Material supplied:
|---|

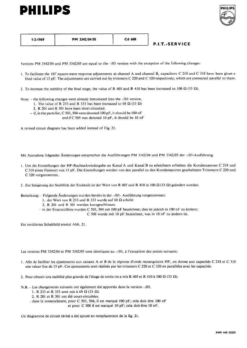 Versions PM 3342/04 and PM 3342/05 are equal to the —/03 version with the exception of the following changes:
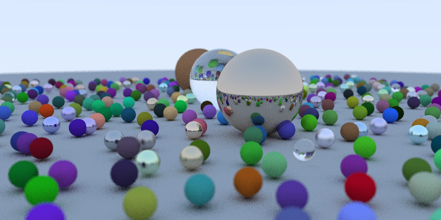 서로 다른 재질(Lambertian / Metal / Dielectric)을 확률적으로 섞고
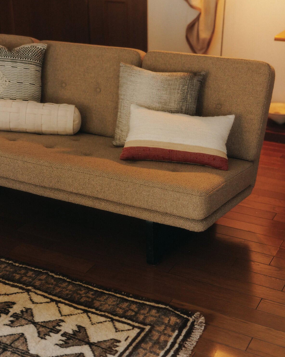 「このクッションは、着物の古い布を裂き織りで丁寧に仕立てたものです。伝統的な素材を現代のホームウェアとしてよみがえらせていて、手仕事ならではの温かみが気に入っています。Public Craftsさんのものづくりは、障がいのある方の支援につながる取り組みや、工場に眠っていた古い生地を生かす活動など、背景にも惹かれるものがあって。そうした姿勢も含めて、心地よいと感じています」
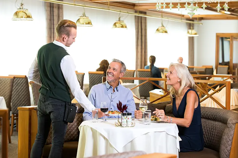 The cozy and friendly restaurant exudes a relaxing atmosphere. The reading corner offers the ideal ambience for quiet hours. Entertaining conversations and tasty drinks at our stylish hotel bar round off the culinary spa day.
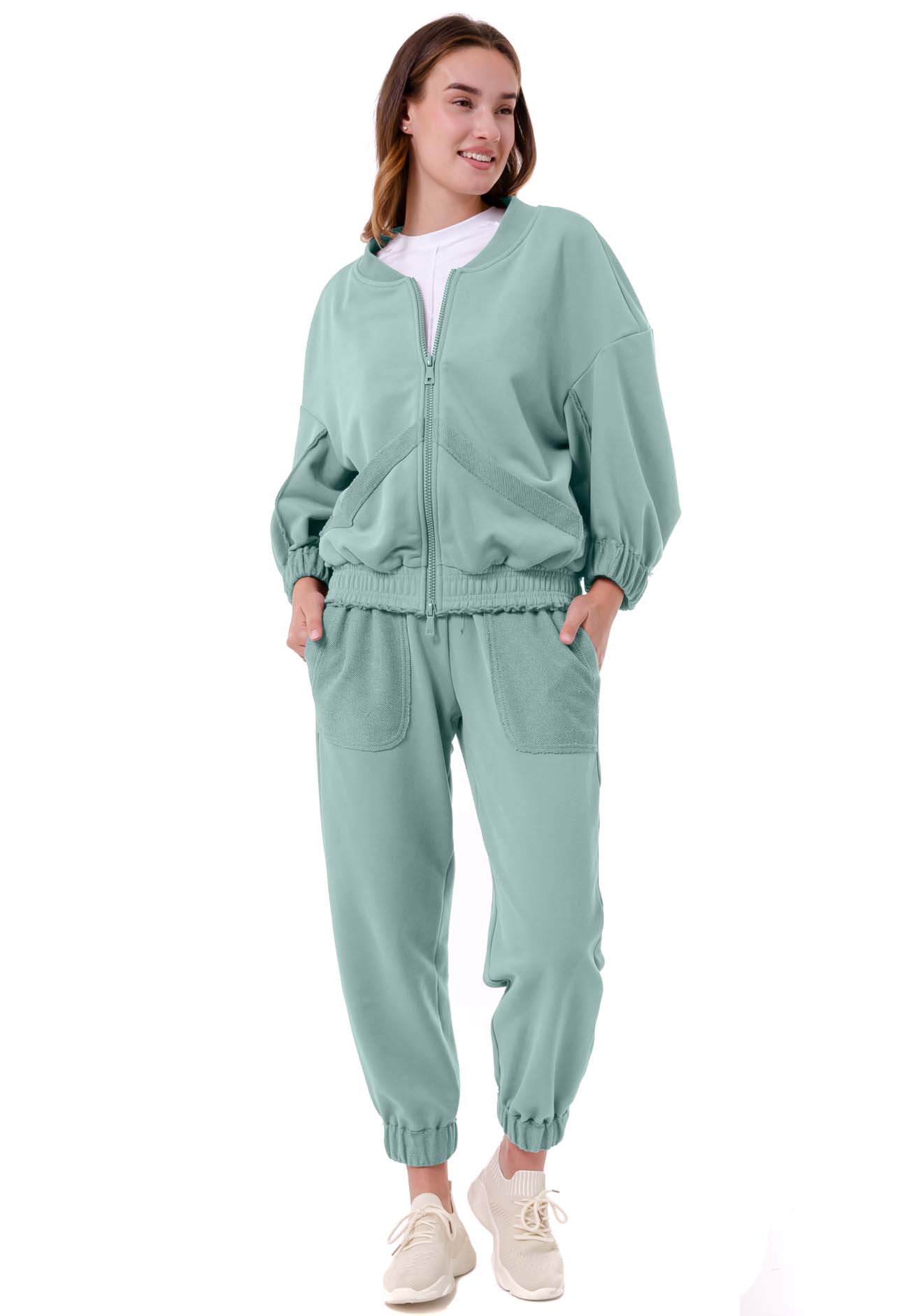 Кофта на блискавці вільного силуету з накладними кишенями та штани з накладними кишенями
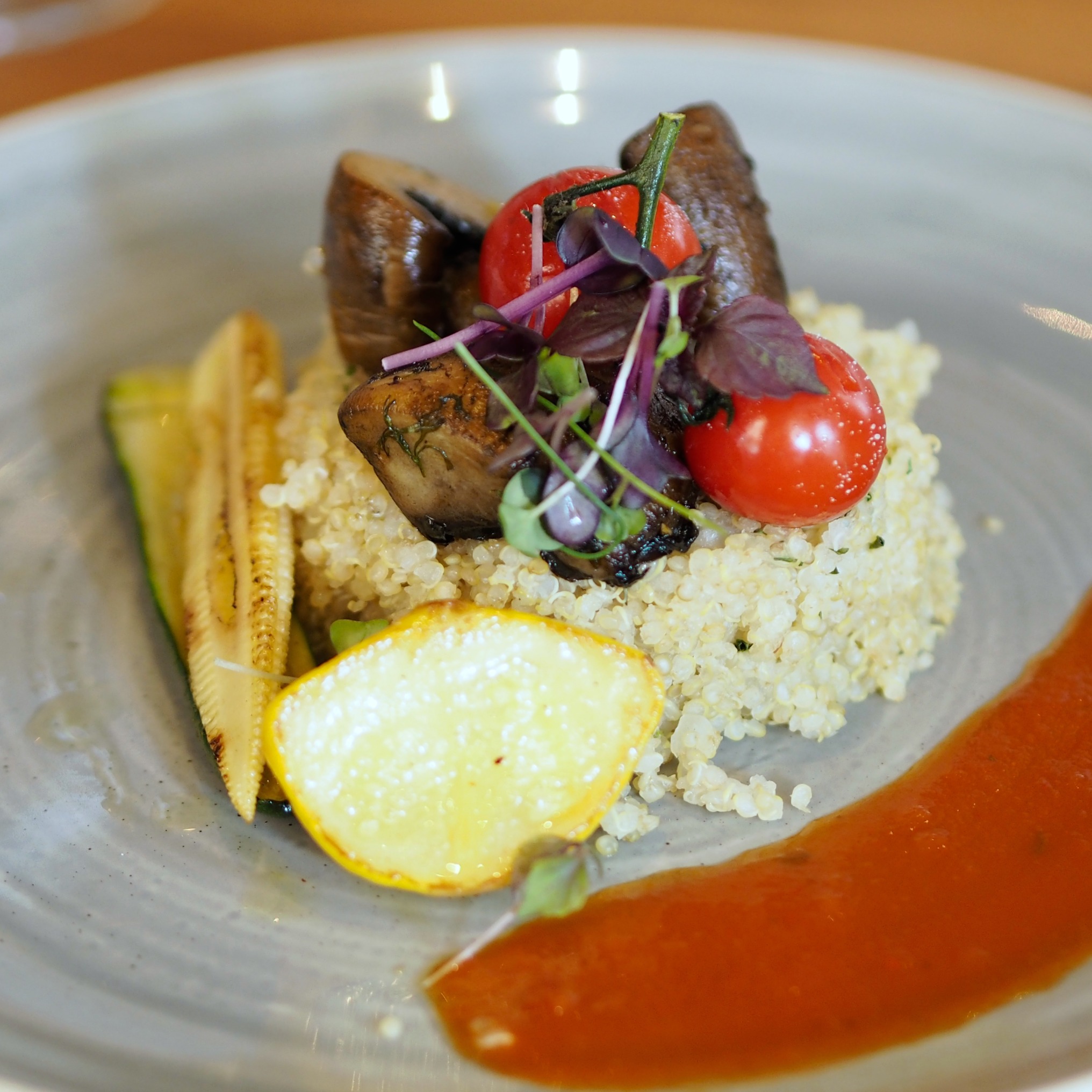 Donnerstag war bei mir ein Tag voller Termine und gleich am Morgen stand ein Meeting an – um welches Projekt es ging, werdet ihr bald erfahren 😉 Danach war ich noch beim Spar und hab viel Obst gekauft, Fotos gemacht und schon ging es weiter zum nächsten Termin – einem Lunch im Ritz Carlton. Wir durften ein bisschen Champagner und Flammkuchen am Dach genießen und bekamen dann ein super leckeres Mittagessen – Trüffelpommes, Salate, Grillgemüse und Steak für die Anderen. Für mich gab es ein Quinoa Türmchen statt dem Fleisch – so lecker! Zum Nachtisch hätte es noch Cheesecake gegeben, aber ich bin lieber bei den großartigen Trüffelpommes geblieben – so so gut!
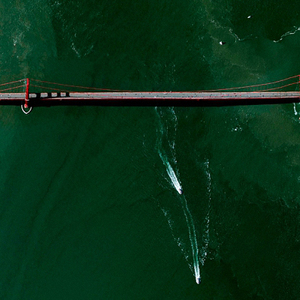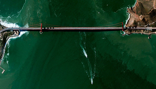 8. 37·818672°, –122·478708° 金门大桥坐落于美国加利福尼亚州的圣地亚哥,长约27公里,横跨金门海峡连接圣地亚哥港和太平洋。设计者为了让大桥与周围环境颜色互补并提高她在雾中的辨识度将之漆上橙色,又被称为“国际橙”。

|---|

Exercise directions: Copy exactly the lines from the line that contains "서로 다른 재질(Lambertian" through the last line of the records above, both ends included, but leave out the pictures.

Task output:
 서로 다른 재질(Lambertian / Metal / Dielectric)을 확률적으로 섞고
 「このクッションは、着物の古い布を裂き織りで丁寧に仕立てたものです。伝統的な素材を現代のホームウェアとしてよみがえらせていて、手仕事ならではの温かみが気に入っています。Public Craftsさんのものづくりは、障がいのある方の支援につながる取り組みや、工場に眠っていた古い生地を生かす活動など、背景にも惹かれるものがあって。そうした姿勢も含めて、心地よいと感じています」
 The cozy and friendly restaurant exudes a relaxing atmosphere. The reading corner offers the ideal ambience for quiet hours. Entertaining conversations and tasty drinks at our stylish hotel bar round off the culinary spa day.
 Кофта на блискавці вільного силуету з накладними кишенями та штани з накладними кишенями
 Donnerstag war bei mir ein Tag voller Termine und gleich am Morgen stand ein Meeting an – um welches Projekt es ging, werdet ihr bald erfahren 😉 Danach war ich noch beim Spar und hab viel Obst gekauft, Fotos gemacht und schon ging es weiter zum nächsten Termin – einem Lunch im Ritz Carlton. Wir durften ein bisschen Champagner und Flammkuchen am Dach genießen und bekamen dann ein super leckeres Mittagessen – Trüffelpommes, Salate, Grillgemüse und Steak für die Anderen. Für mich gab es ein Quinoa Türmchen statt dem Fleisch – so lecker! Zum Nachtisch hätte es noch Cheesecake gegeben, aber ich bin lieber bei den großartigen Trüffelpommes geblieben – so so gut!
 8. 37·818672°, –122·478708° 金门大桥坐落于美国加利福尼亚州的圣地亚哥,长约27公里,横跨金门海峡连接圣地亚哥港和太平洋。设计者为了让大桥与周围环境颜色互补并提高她在雾中的辨识度将之漆上橙色,又被称为“国际橙”。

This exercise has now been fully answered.